The diverse and independently-varying signs of Parkinson's disease (PD) are often attributed to one simple mechanism: degeneration of the dopaminergic innervation of the posterolateral striatum. However, growing recognition of the dopamine (DA) loss and other pathology in extra-striatal brain regions has led to uncertainty whether loss of DA in the striatum is sufficient to cause parkinsonian signs. We tested this hypothesis by infusing cis-flupenthixol (cis-flu; a broad-spectrum D1/D2 receptor antagonist) into different regions of the macaque putamen (3 hemispheres of 2 monkeys) while the animal performed a visually-cued choice reaction time task in which visual cues indicated the arm to reach with and the peripheral target to contact to obtain food reward. Following reward delivery, the animal was required to self-initiate release of the peripheral target and return of the chosen hand to its home position (i.e., without the benefit of external sensory cues or immediate rewards). Infusions of cis-flu at 15 of 26 sites induced prolongations of reaction time (9 of 15 cases), movement duration (6 cases), and/or dwell time of the hand at the peripheral target (8 cases).
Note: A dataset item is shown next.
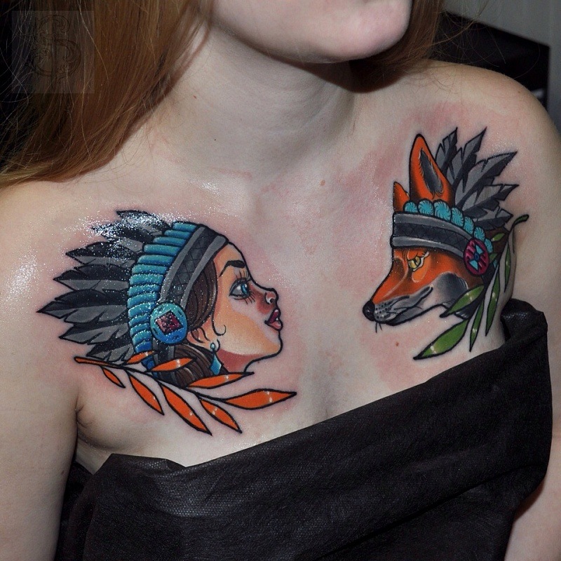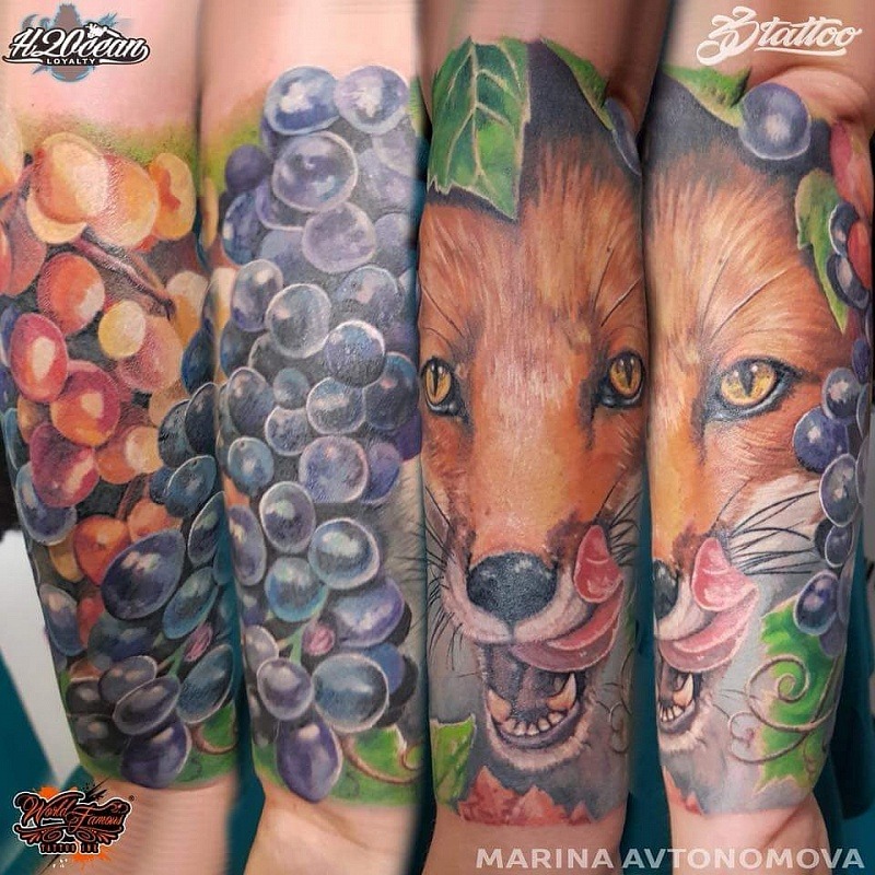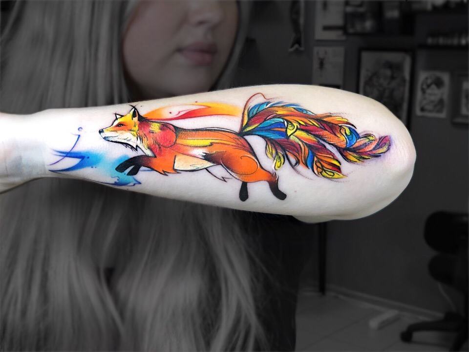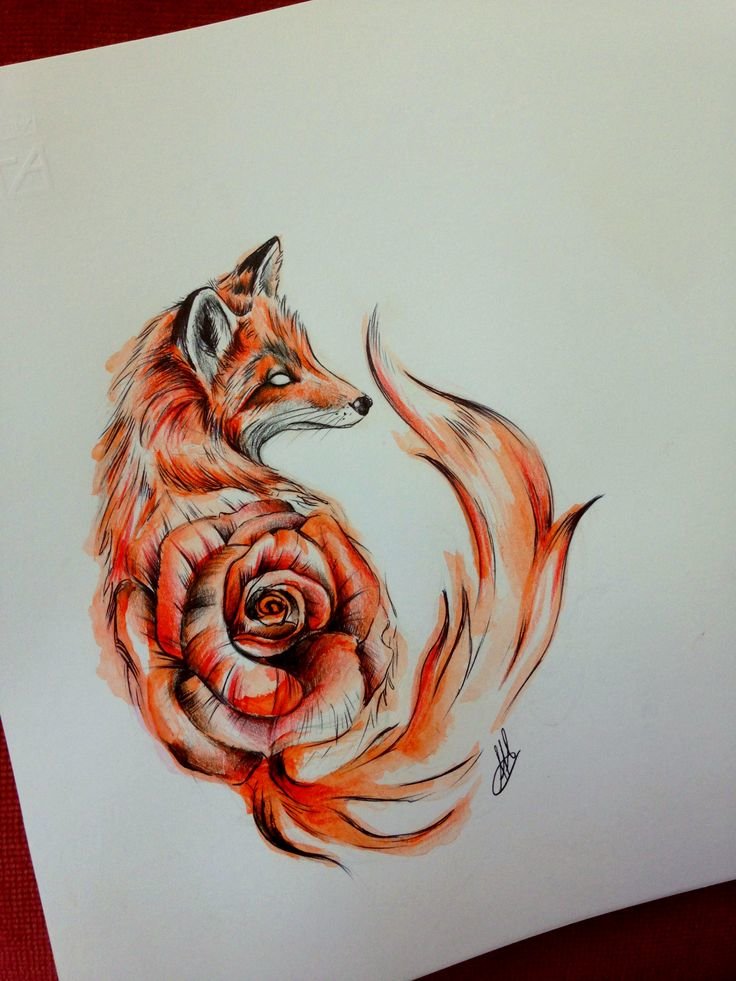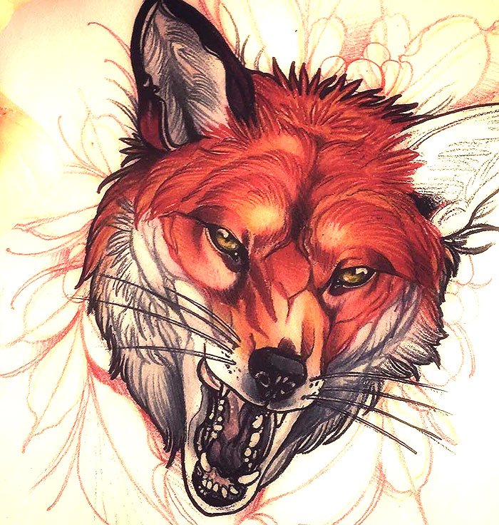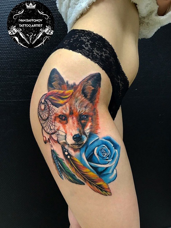 Le renard est l’animal le plus rusé et prudent. C'est une bête prédatrice difficile à attirer par un piège. De nombreux peuples chantent un animal sauvage dans leurs chansons et leurs légendes. Mais il y a aussi de telles nations qui n'aiment pas le tricheur rouge. Un tatouage avec un ornement de renard est populaire parmi le beau sexe. L'image du renard est réalisée dans une couleur traditionnelle (nuances de rouge vif). Un tatouage de ce format est le plus souvent appliqué pour décorer l'avant-bras, la partie inférieure de la jambe et les omoplates.

Dwell times were affected more severely (+ 95%) than visually-triggered reaction times or movement durations (+ 25% and + 15%, respectively). Specifically, the animal's hand often ‘froze’ at the peripheral target for up to 25-s, similar to the akinetic freezing episodes observed in PD patients. Across injections, slowing of self-initiation did not correlate in severity with prolongations of visually-triggered reaction time or movement duration, although the latter two were correlated with each other. Episodes of slowed self-initiation appeared primarily in the arm contralateral to the injected hemisphere and were not associated with increased muscle co-contraction or global alterations in behavioral state (i.e., inattention or reduced motivation), consistent with the idea that these episodes reflected a fundamental impairment of movement initiation. We found no evidence for an anatomic topography within the putamen for the effects elicited. We conclude that acute focal blockade of DA transmission in the putamen is sufficient to induce marked akinesia-like impairments. Furthermore, different classes of impairments can be induced independently, suggesting that specific parkinsonian signs have unique pathophysiologic substrates.

Highlights

► Is focal striatal dopamine loss sufficient to elicit parkinsonian signs in primates? ► D1/D2 antagonist infusion into putamen variably elicited akinesia and bradykinesia. ► Akinesia was most severe for self-initiated non-rewarded reaching movements. ► Acute focal blockade of putamenal dopamine is sufficient to induce akinesia. ► Elicting individual signs in isolation suggests they have distinct pathophysiologies.

Introduction

Given the spectacular therapeutic efficacy of dopamine-replacement therapies (Hornykiewicz and Kish, 1987), there is little doubt that the core motor signs of Parkinson's disease (akinesia, bradykinesia, rigidity and tremor) arise from a loss of dopamine (DA) in the central nervous system. Historically, loss of DA from the posterolateral striatum (i.e., the skeletomotor region of the putamen) has been thought to be the primary factor that leads to parkinsonism (Damier et al., 1999, Forno, 1996). Indeed, the largest loss of DA in absolute terms is from the posterior putamen (Ehringer and Hornykiewicz, 1960, Kish et al., 1988) and symptom severity does correlate with the level of putamenal DA depletion (Bernheimer et al., 1973, Morrish et al., 1996, Nandhagopal et al., 2009, Seibyl et al., 1995). Putamenal DA depletion, however, is not a perfect predictor of symptom severity or symptom progression in individual patients (Gallagher et al., 2011, Pavese et al., 2011, Pirker, 2003), suggesting that factors other than putamenal DA influence the genesis of parkinsonian symptoms. Dopamine loss in PD is not restricted to the striatum (reviewed by Rommelfanger and Wichmann, 2010), but has also been observed in the subthalamic nucleus, thalamus, globus pallidus, and cortex (Francois et al., 2000, Freeman et al., 2001, Jan et al., 2000, Scatton et al., 1982, Scatton et al., 1983). Thus, the minimal pathologic defect necessary to induce parkinsonian signs remains unknown.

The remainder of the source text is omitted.